NB, I have admin.conf running locally and am able to access the cluster via kubectl with no issue.
Also, of note is that this had been working when I first got the cluster up. However, I was having networking issues, and had to apply this in order to get CoreDNS to work Coredns service do not work,but endpoint is ok the other SVCs are normal only except dns, so I am wondering if this maybe broke the proxy service?
* EDIT *
Here is output for the dashboard pod:
[gms#thalia0 ~]$ kubectl describe pod kubernetes-dashboard-77fd78f978-tjzxt --namespace=kube-system
Name: kubernetes-dashboard-77fd78f978-tjzxt
Namespace: kube-system
Priority: 0
PriorityClassName: <none>
Node: thalia2.hostdoman/hostip<redacted>
Start Time: Sat, 15 Dec 2018 15:17:57 -0600
Labels: k8s-app=kubernetes-dashboard
pod-template-hash=77fd78f978
Annotations: cni.projectcalico.org/podIP: 192.168.2.3/32
Status: Running
IP: 192.168.2.3
Controlled By: ReplicaSet/kubernetes-dashboard-77fd78f978
Containers:
kubernetes-dashboard:
Container ID: docker://ed5ff580fb7d7b649d2bd1734e5fd80f97c80dec5c8e3b2808d33b8f92e7b472
Image: k8s.gcr.io/kubernetes-dashboard-amd64:v1.10.0
Image ID: docker-pullable://k8s.gcr.io/kubernetes-dashboard-amd64#sha256:1d2e1229a918f4bc38b5a3f9f5f11302b3e71f8397b492afac7f273a0008776a
Port: 8443/TCP
Host Port: 0/TCP
Args:
--auto-generate-certificates
State: Running
Started: Sat, 15 Dec 2018 15:18:04 -0600
Ready: True
Restart Count: 0
Liveness: http-get https://:8443/ delay=30s timeout=30s period=10s #success=1 #failure=3
Environment: <none>
Mounts:
/certs from kubernetes-dashboard-certs (rw)
/tmp from tmp-volume (rw)
/var/run/secrets/kubernetes.io/serviceaccount from kubernetes-dashboard-token-mrd9k (ro)
Conditions:
Type Status
Initialized True
Ready True
ContainersReady True
PodScheduled True
Volumes:
kubernetes-dashboard-certs:
Type: Secret (a volume populated by a Secret)

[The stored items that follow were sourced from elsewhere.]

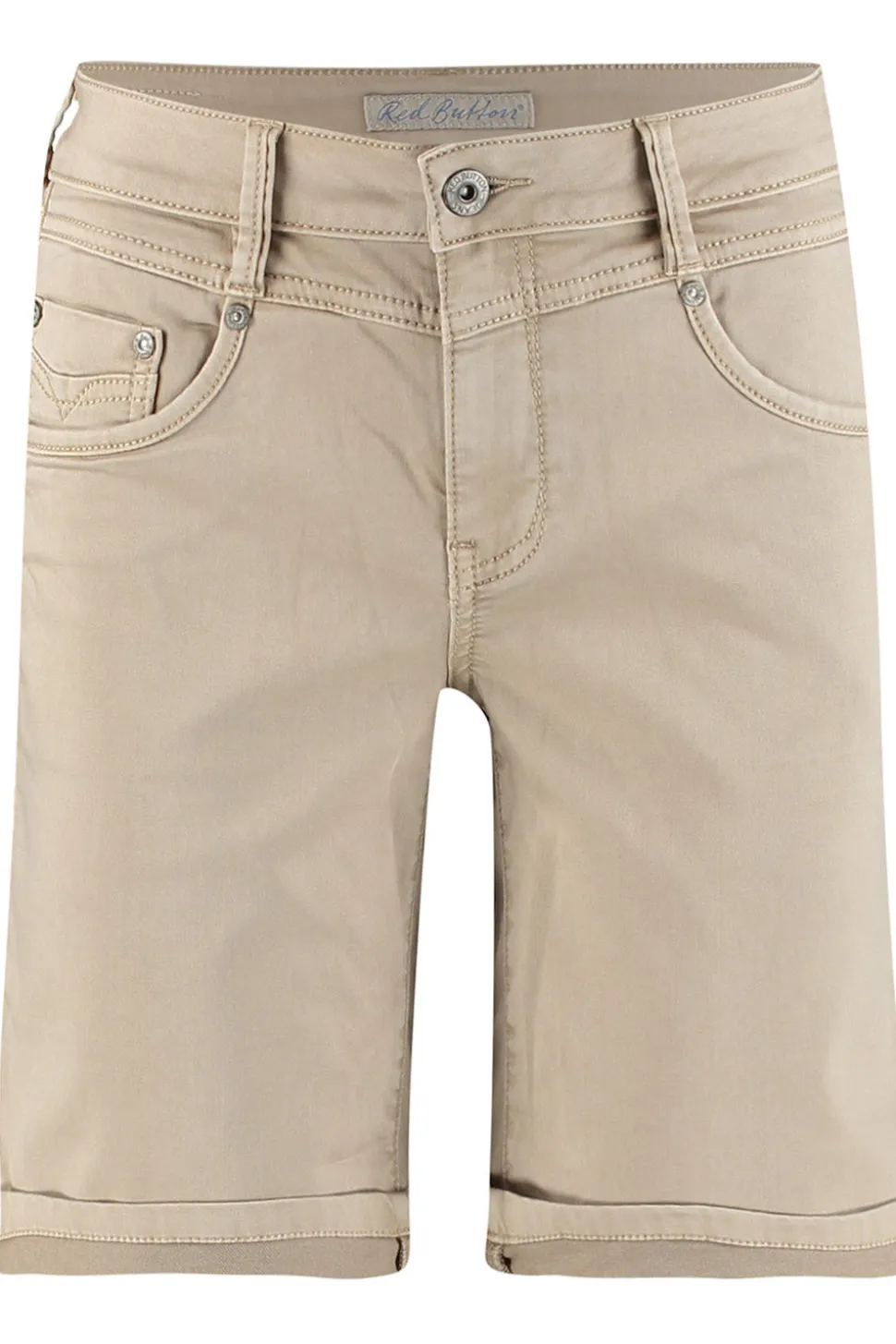Todella joustavat ja mukavat naisten kangasshortsit, viisitaskumalli, edessä vetoketju ja nappi, normaali vyötärön korkeus.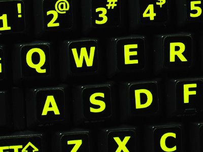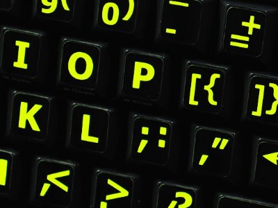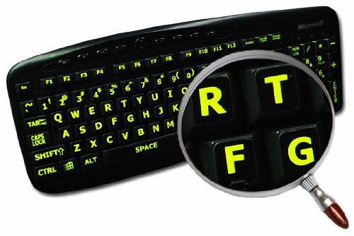 Large Lettering English US Glowing Fluorescent keyboard stickers are vibrant, bright-colored which are proven to be the best solution to work on your computer even in dim or poorly lit places. Glowing characters pick up any source of light coming in/ through ( such as light from your own monitor, laptop, or even USB light etc, etc) - allowing keyboard characters to brighten up immediately by reflecting the light, yet, stickers are not the source of light themselves. It is just the same effect as a road signs reflection, or strips on uniform worn by constriction workers or police. These Large Lettering English US Glowing keyboard stickers are made of a high quality materials, are durable and efficient. Each sticker is covered with a special protective coat which extremely increases their durability. Large Lettering English US stickers suitable for variety of keyboard Desktops, Laptops and Notebooks. Glowing keyboard stickers have become very popular amongst people traveling a lot, especially by plain, and of course, students....who often work at night, in the dark, and therefore, don't want to bother others or be disturbed. Take advantage of progressive technology working for you!!!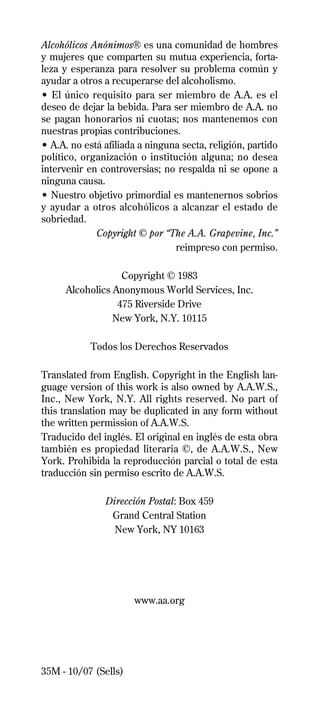Alcohólicos Anónimos es una comunidad de hombres y mujeres que comparten su experiencia para resolver su problema común con el alcoholismo y ayudar a otros. El único requisito para ser miembro es el deseo de dejar la bebida. Su objetivo es mantenerse sobrios y ayudar a otros alcohólicos a alcanzar la sobriedad.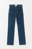 AW014 Alta fra Jeanerica. Alta er et par jeans med høy midje og rette ben, med påsydde lommer med referanser til 1970-tallet. Den har glidelåsgylf, høy midje og smale lår som faller ned til rette ben. Laget i ufarget kremhvit økologisk denim, med Jeanericas signaturstretch-komposisjon som beriker jeansen med varig fleksibilitet.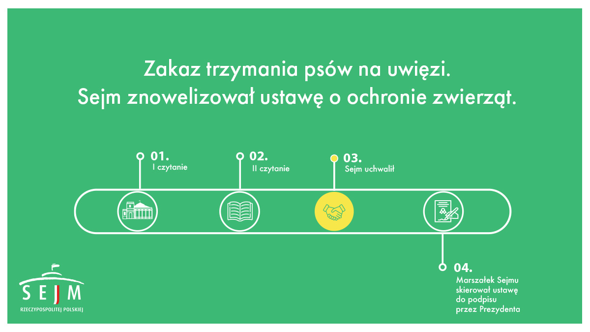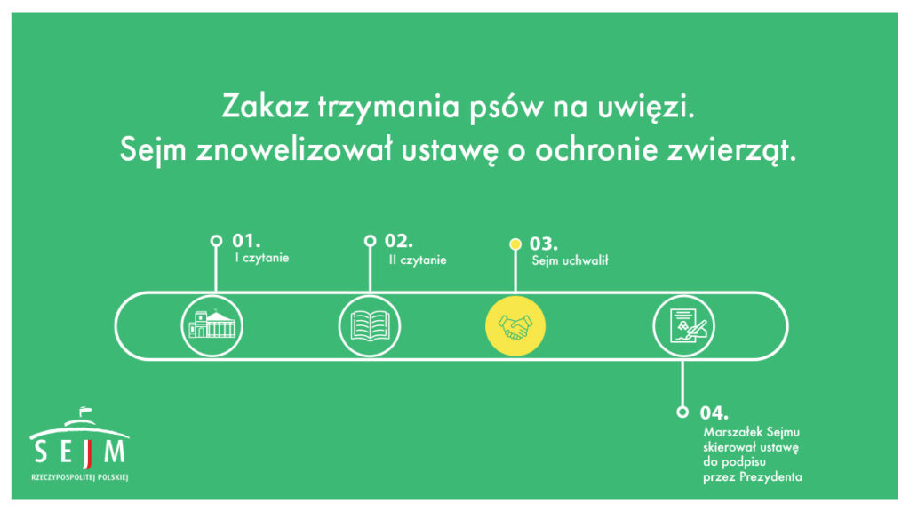Sejm przyjął nowelizację ustawy o ochronie zwierząt, która wprowadza jedną z najbardziej oczekiwanych przez organizacje prozwierzęce zmian — całkowity zakaz trzymania psów na stałym łańcuchu. Równocześnie ustawodawca po raz pierwszy jasno określił minimalne wymagania dotyczące kojców. Zmiany wprowadzone w Sejmie oznaczają istotne przeorientowanie w podejściu do dobrostanu zwierząt domowych w Polsce.

SecretName: kubernetes-dashboard-certs
Optional: false
tmp-volume:
Type: EmptyDir (a temporary directory that shares a pod's lifetime)
Medium:
kubernetes-dashboard-token-mrd9k:
Type: Secret (a volume populated by a Secret)
SecretName: kubernetes-dashboard-token-mrd9k
Optional: false
QoS Class: BestEffort
Node-Selectors: <none>
Tolerations: node-role.kubernetes.io/master:NoSchedule
node.kubernetes.io/not-ready:NoExecute for 300s
node.kubernetes.io/unreachable:NoExecute for 300s
Events: <none>
I checked the service:
[gms#thalia0 ~]$ kubectl -n kube-system get service kubernetes-dashboard
NAME TYPE CLUSTER-IP EXTERNAL-IP PORT(S) AGE
kubernetes-dashboard ClusterIP 10.103.93.93 <none> 443/TCP 4d23h
And also of note, if I curl http://localhost:8001/api from the master node, I do get a valid response.

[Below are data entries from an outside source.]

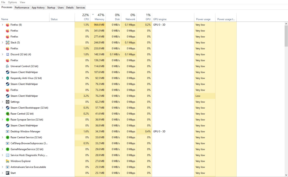 You can then click on the app or process and click End Task at the bottom right corner of the window to kill it off. This is kind of a temporary fix because once you relaunch that application, your RAM usage will just go up again.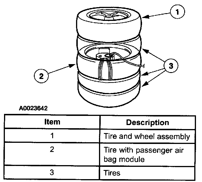 6. Stack three tires, one wheel and tire assembly and the passenger air bag module as shown.
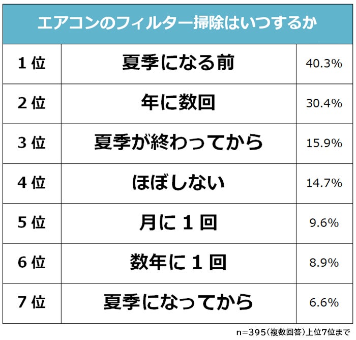 最後に「エアコンのフィルター掃除はいつするか」を複数回答で聞いたところ、1位は「夏季になる前(40.3%)」でした。本格的にエアコンを使い始める前に掃除をして、気持ちよく使いたいと考える人が多いようです。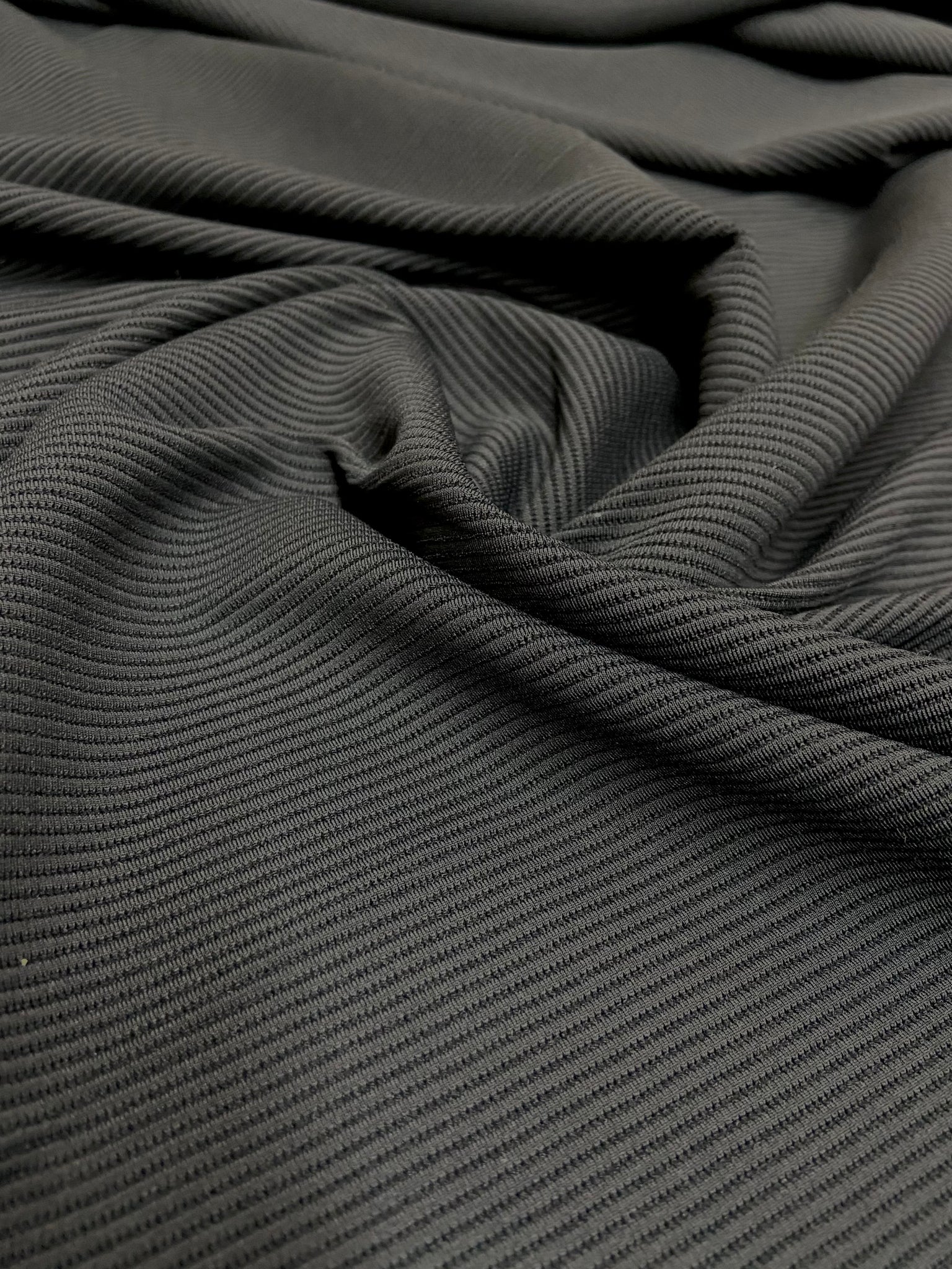 Fabric Content:85% Nylon 15% spandex Weight: 250 GSM Width: 150 CM Stretch: The Ribs run horizontally with 55-65% stretch and vertical stretch of 70-80% Drape: Great - the rib adds a little structure Care Instructions: Machine wash delicate and lay flat...Read more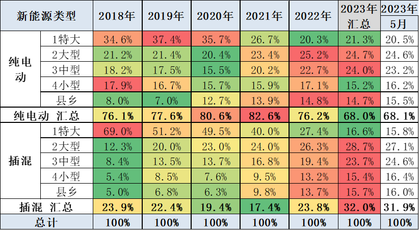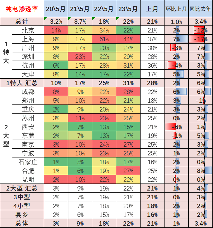 而非限购城市中的大型城市、中型城市和小型城市的新能源车的纯电动车的销量占比基本相同,2019年和2020年都在偏低的水平,今年中等城市的5月上升到22%,县乡市场的渗透率提升表现也是较强。

So, in summary, I'm not sure which if any of these errors are the source of not being able to access the dashboard.
I just upgraded my cluster to 1.13.1, in hopes that this issue would be resolved, but alas, no.
When you do kubectl proxy , the default port 8001 only reachable from the localhost. If you ssh to the machine which the kubernetes is installed, you must map this port to your laptop or any device used to ssh.
You can ssh to master node and map the 8001 port to your localbox by :
ssh -L 8001:localhost:8001 hostname#master_node_IP
I upgraded all nodes in the cluster to version 1.13.1 and voila, the dashboard now works AND so far I have not had to apply the CoreDNS fix noted above.